Page:Wikidata making of.pdf/1

From Wikisource
Jump to navigation Jump to search
This page has been validated.

Wikidata: The Making Of

Denny Vrandečić

Wikimedia Foundation
San Francisco, California, USA
Q18618629
denny@wikimedia.org

Lydia Pintscher

Wikimedia Deutschland
Berlin, Germany
Q18016466
lydia.pintscher@wikimedia.de

Markus Krötzsch

TU Dresden
Dresden, Germany
Q18618630
markus.kroetzsch@tu-dresden.de

ABSTRACT

Wikidata, now a decade old, is the largest public knowledge graph, with data on more than 100 million concepts contributed by over 560,000 editors. It is widely used in applications and research. At its launch in late 2012, however, it was little more than a hopeful new Wikimedia project, with no content, almost no community, and a severely restricted platform. Seven years earlier still, in 2005, it was merely a rough idea of a few PhD students, a conceptual nucleus that had yet to pick up many important influences from others to turn into what is now called Wikidata. In this paper, we try to recount this remarkable journey, and we review what has been accomplished, what has been given up on, and what is yet left to do for the future.

CCS CONCEPTS

• Human-centered computing → Wikis; • Social and professional topics → Socio-technical systems; History of software; • Information systems → Wikis.

KEYWORDS

Wikidata, knowledge graph, Wikibase, MediaWiki

ACM Reference Format:
Denny Vrandečić, Lydia Pintscher, and Markus Krötzsch. 2023. Wikidata: The Making Of. In Companion Proceedings of the ACM Web Conference 2023 (WWW ’23 Companion), April 30–May 04, 2023, Austin, TX, USA. ACM, New York, NY, USA, 10 pages. https://doi.org/10.1145/3543873.3585579

This work is licensed under a Creative Commons Attribution-Share Alike International 4.0 License.

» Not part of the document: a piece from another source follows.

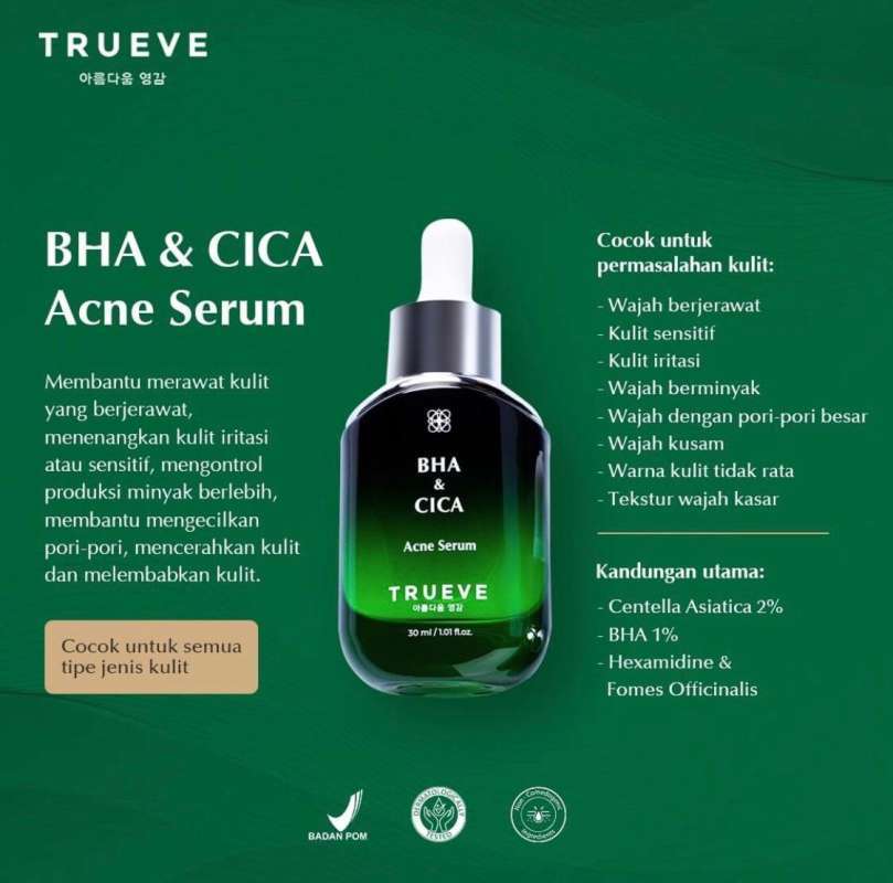 TRUEVE BHA \u0026 CICA Acne Serum Indonesia

WWW ’23 Companion, April 30–May 04, 2023, Austin, TX, USA
© 2023 Copyright held by the owner/author(s).
ACM ISBN 978-1-4503-9419-2/23/04.
https://doi.org/10.1145/3543873.3585579

1 INTRODUCTION

For many practitioners and researchers, Wikidata [68] simply is the largest freely available knowledge graph today. Indeed, with more than 1.4 billion statements about over 100 million concepts across all domains of human knowledge,[1] it is a valuable resource in many applications. Wikidata content is behind answers of smart assistants such as Alexa or Siri, is used in software and mobile apps (see Fig. 1), and enables research, e.g., in life sciences [38, 73], humanities and social sciences [33, 66, 76], artificial intelligence [1, 10, 49, 53, 57], and beyond [3, 46, 51].

However, Wikidata is much more than a data resource. It is, first and foremost, an international community of volunteers who subscribe to the goal of making free knowledge available to the world. It shares this and other goals with the wider Wikimedia Movement[2] to which Wikidata belongs. Indeed, Wikidata is also a project (and website) of the Wikimedia Foundation, along with sister projects such as Wikipedia and Wikimedia Commons, backed by dedicated staff to create and maintain the infrastructure that enables the work of the community.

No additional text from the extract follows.